**** DATA TO USE
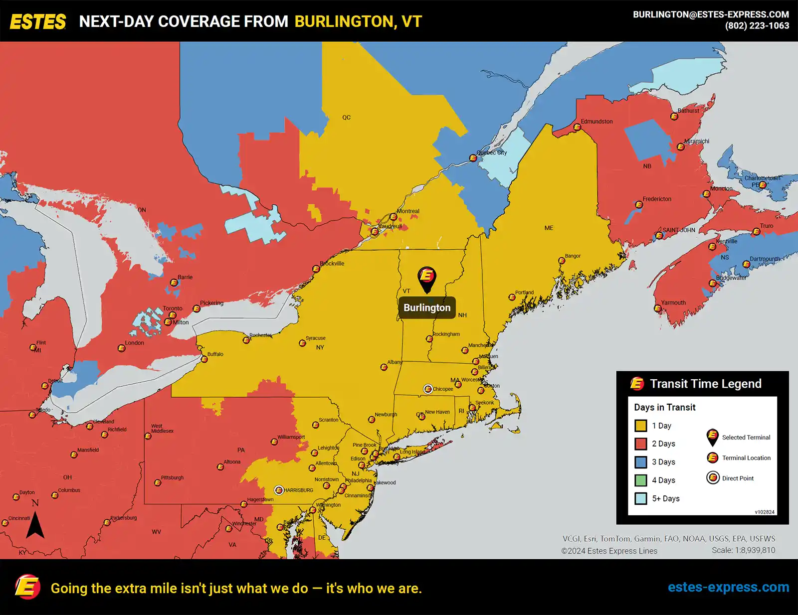 Estes also offers reliable next-day LTL shipping from the Burlington-Montpelier area to Montreal and other Quebec destinations. Our nationwide team of border experts is available round-the-clock to help you navigate language barriers and cross-border documentation. And with more than 500 heated trailers dedicated to our U.S.-to-Canada next-day lanes, we offer some of the best freeze protection in the LTL industry.
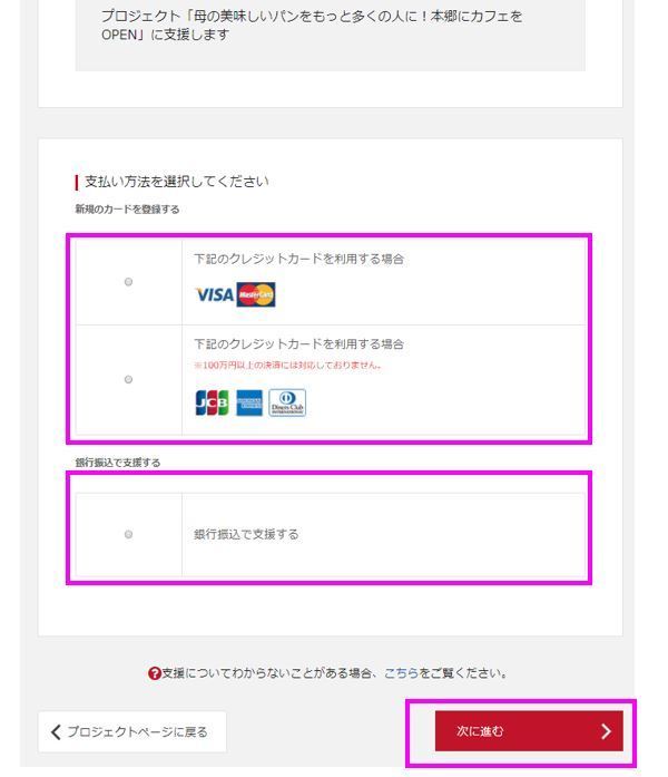 リターンを選択画面の下部に支払方法選択の画面があります。
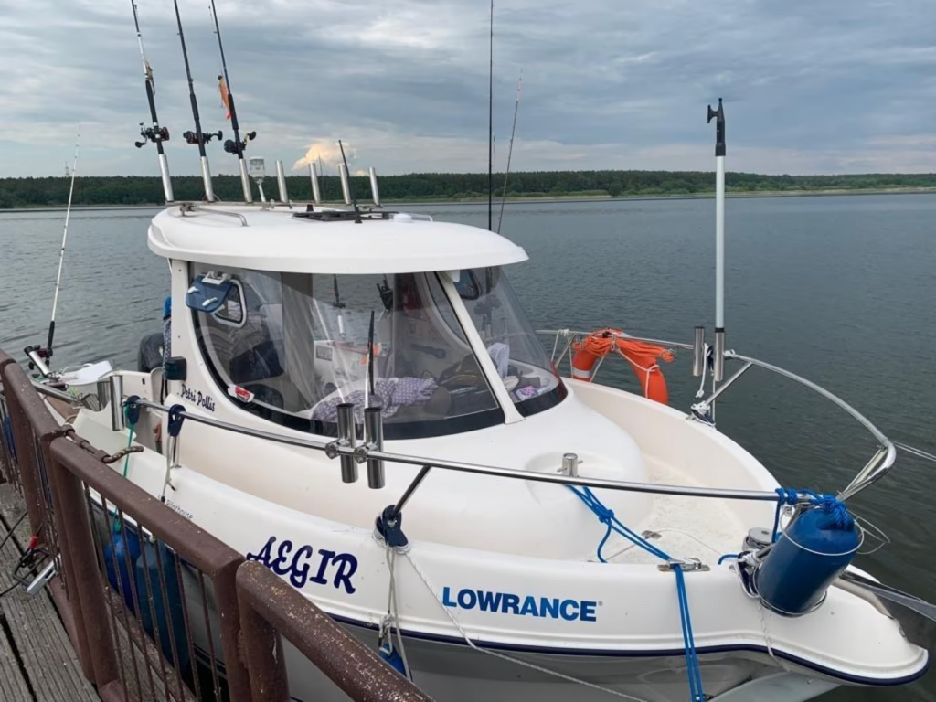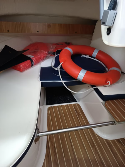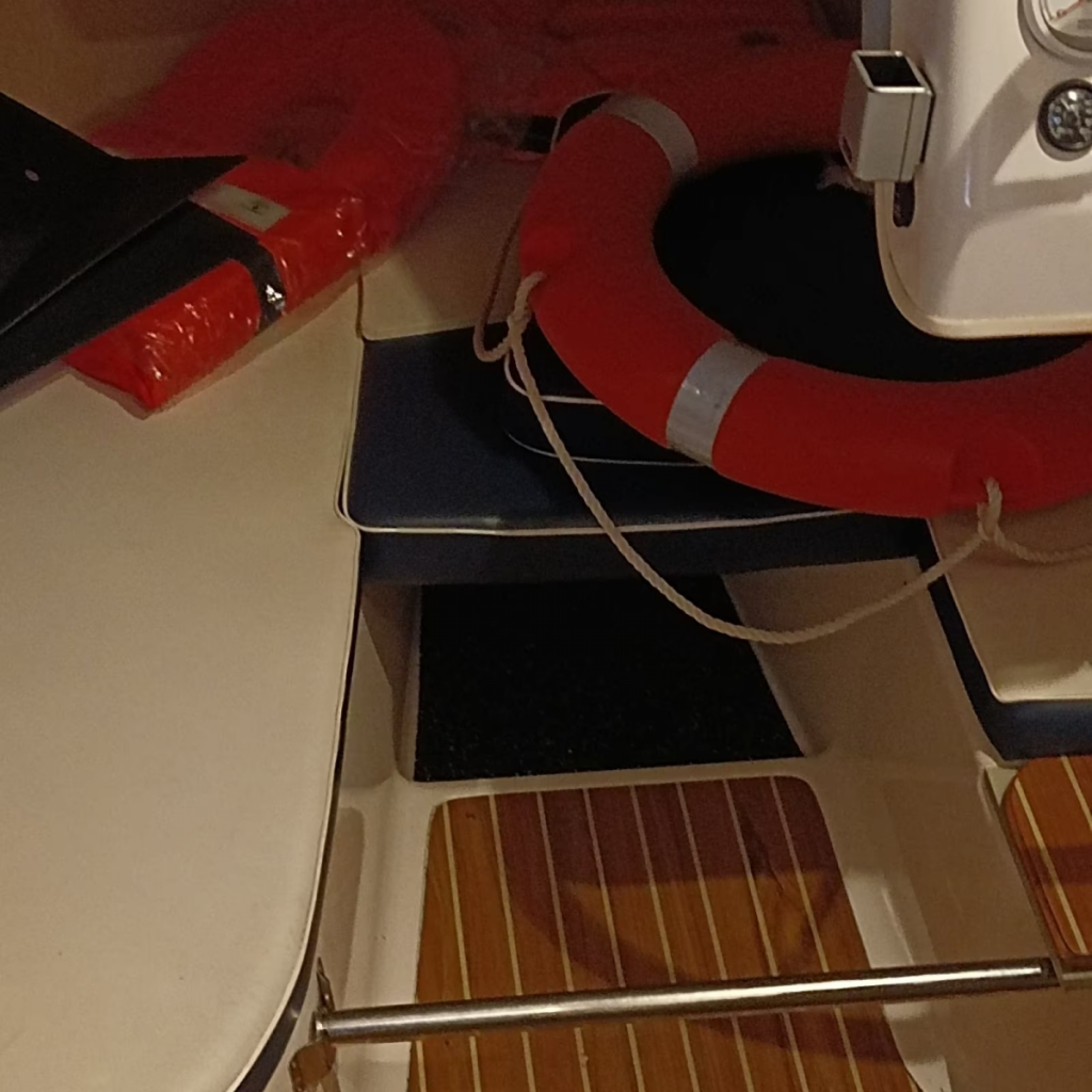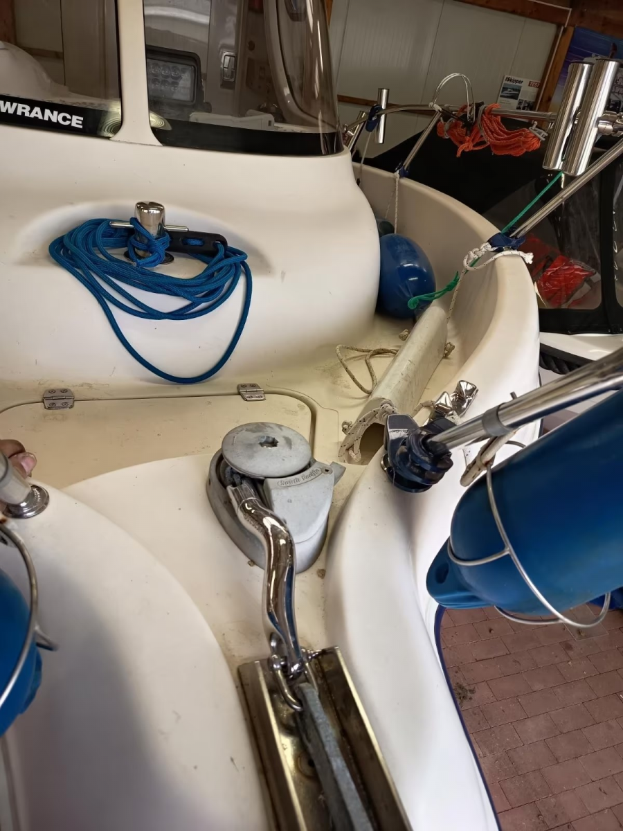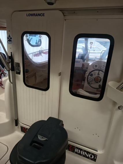 Zusatz: Deckstisch mit eigener Base - Deckstuhl Springfield Marine Fish Pro II Hihg Back Dark Gray auf festen Stuhlbein (41,8cm) mit Trac-Loc Swivel Drehteller (März 2024 neu) eigene Base und weiterer Sitz an Deck - 2 Sitzplätze (org. Quicksilver) & Liegefläche im Innenbereich - separater Innenspiegel (Osculati Wasserski-Rückspiegel 10x30cm) für bessere Sicht nach hinten beim Fahren - Gaskocher, unbenutzte Chemietoilette, Feuerlöscher, 2 neuwertige Feststoffwesten, Becherhalter im Innenraum - Badeleiter - Signalkegel für Schleppangeln - 14 Edelstahlrutenhalter (INOX) und 2 Scotty Grundplatten 1010 (auf der wir 2 Rutenständer auf separater Platte montiert haben und somit entfernt werden können, um Downrigger zu montieren) - Rutenständerbügel für 7 Ruten auf dem Dach - Rutenständer im Heck (Motorwanne) für 4 Ruten - Hilfsmotorhalterung - Rettungsring mit Leine und Halterung an der Reeling verbaut - 2 Fenderkörbe an der Reeling verbaut - 10 Fender und ein Bugfender - mit "Fastfender" für Schnellmontage Reeling - Bootshaken - Verdunkelungsrollo unterm Dachfenster - Ablagebecher (Wasser kann ablaufen) für Köder - 3 abschließbare, trockene Staufächer im Decksboden - abschließbares Batteriefach - abschließbare Kabinentür
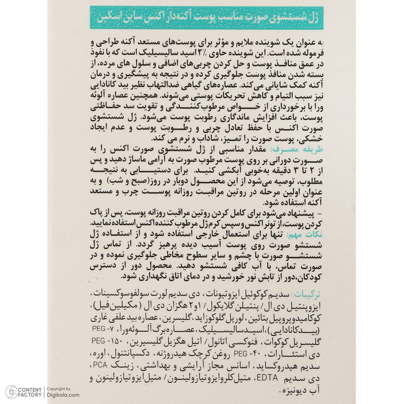 ژل شستشوى صورت مناسب پوست آكنه دار اكنس ساين اسكين به عنوان یک شوينده ملايم و موثر براى پوست هاى مستعد آكنه طراحى و فرموله شده است. اين شوينده حاوى 1% اسيدساليسيليک است، كه با نفوذ در عمق منافذ پوست و حل كردن چربیهاى اضافى و حذف سلولهاى مرده، از بسته شدن منافذ پوست جلوگیرى كرده و در نتيجه به پيشگيرى و درمان آكنه كمک شايانى میکند.
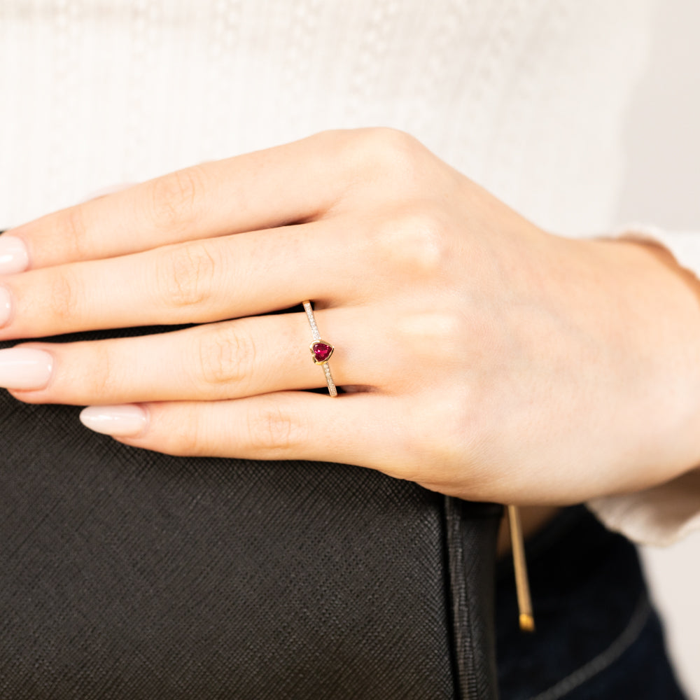 Created Ruby & Heart Shaped Diamond Ring in 9ct Yellow Gold
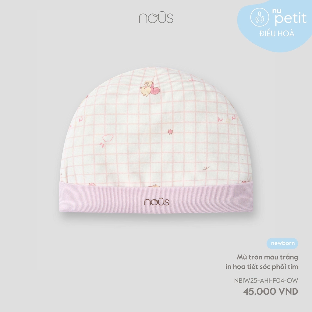 Mũ tròn màu trắng in họa tiết sóc phối tím
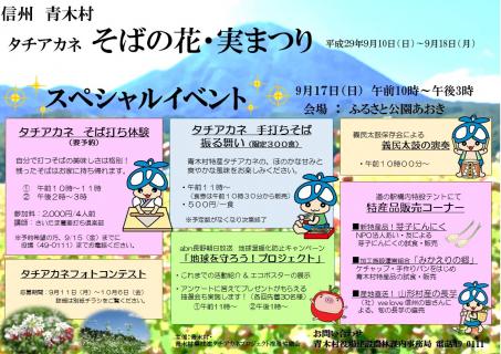 上田市と松本市の間に位置する東信州・青木村では今年もタチアカネ「蕎麦の花・実まつり」が9月17日に開催されます。
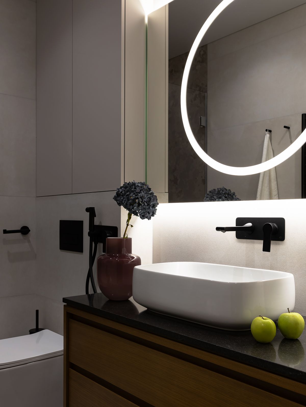 В гостевом санузле, яркие бабушкины яблоки не дают нам забыть о любимом хуторе. А в хозяйской ванне, ветка ели помогает расслабиться и полностью перезагрузится, после тяжелого рабочего дня.
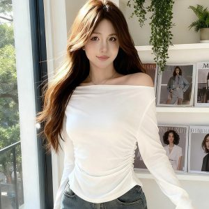 One-shoulder Solid Color Long-sleeve Women’s Off-shoulder Slim-fit Base Top
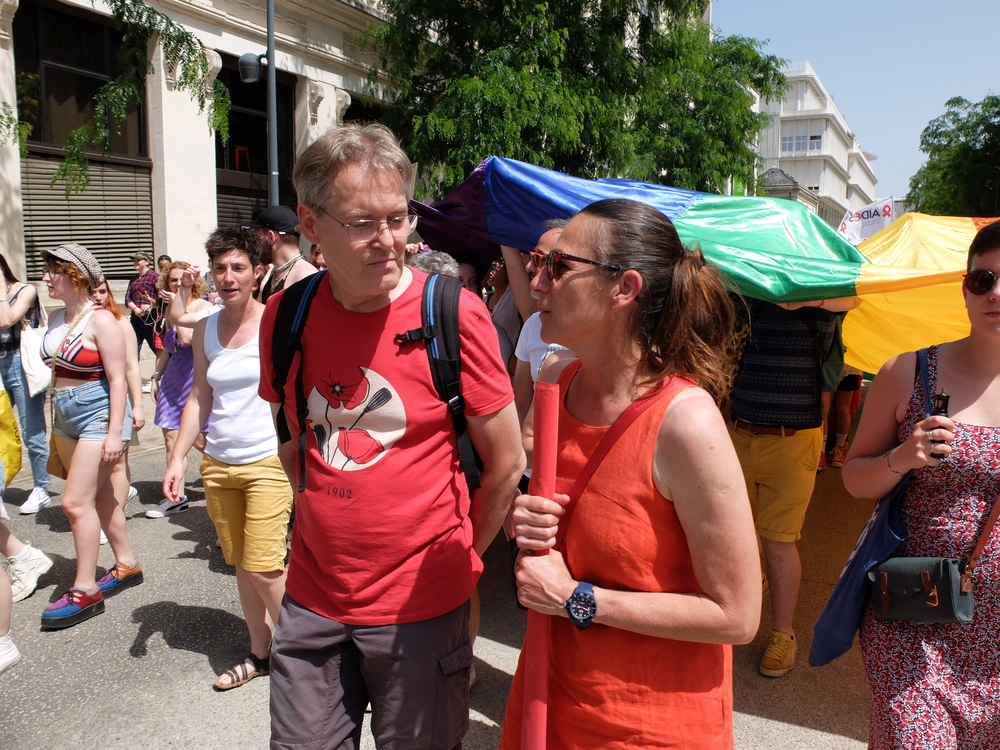 On y rencontrait Lisa Belluco, la candidates aux élections législatives de la NUPES (Nouvelle Union Populaire Écologique et Sociale) de la 1ère circonscription qui dansait à côté de son suppléant :
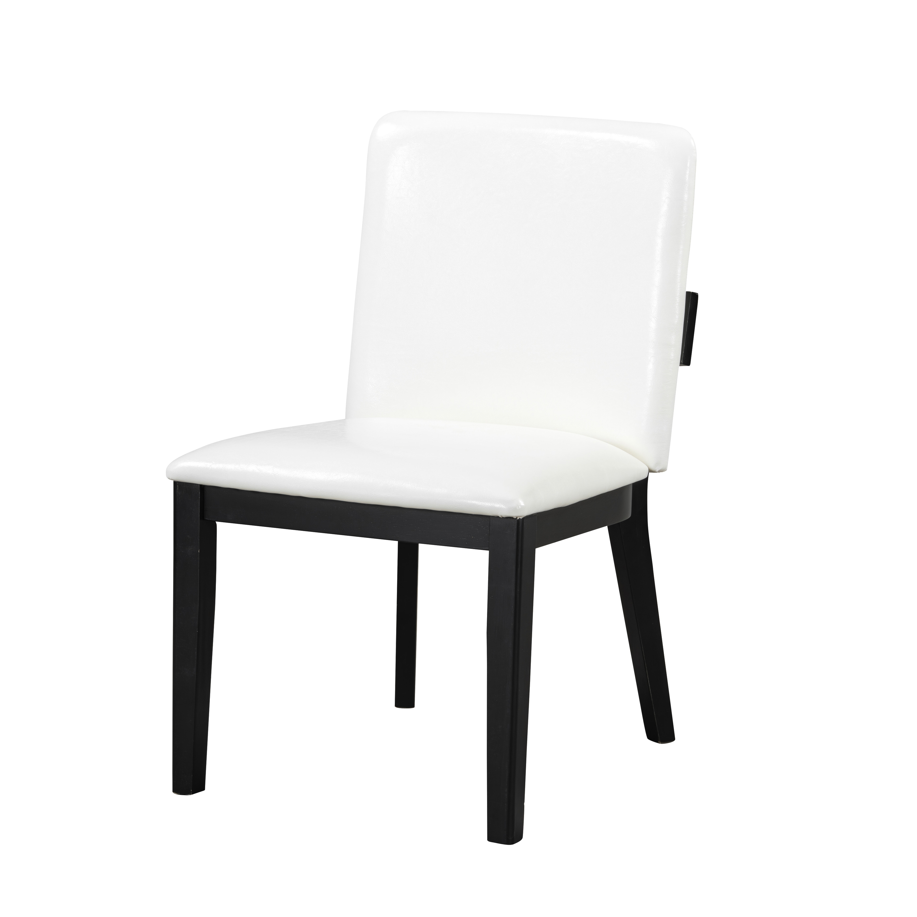 Modern Black-Finish Wood Glossy PU Leather Upholstered Dining Chairs Set of 2
********
YOUR ASSIGNMENT:
All lines from the one containing "上田市と松本市の間に位置する" through the final line of the entries above must be restated word for word, pictures excluded.

FINISHED EXERCISE:
 上田市と松本市の間に位置する東信州・青木村では今年もタチアカネ「蕎麦の花・実まつり」が9月17日に開催されます。
 В гостевом санузле, яркие бабушкины яблоки не дают нам забыть о любимом хуторе. А в хозяйской ванне, ветка ели помогает расслабиться и полностью перезагрузится, после тяжелого рабочего дня.
 One-shoulder Solid Color Long-sleeve Women’s Off-shoulder Slim-fit Base Top
 On y rencontrait Lisa Belluco, la candidates aux élections législatives de la NUPES (Nouvelle Union Populaire Écologique et Sociale) de la 1ère circonscription qui dansait à côté de son suppléant :
 Modern Black-Finish Wood Glossy PU Leather Upholstered Dining Chairs Set of 2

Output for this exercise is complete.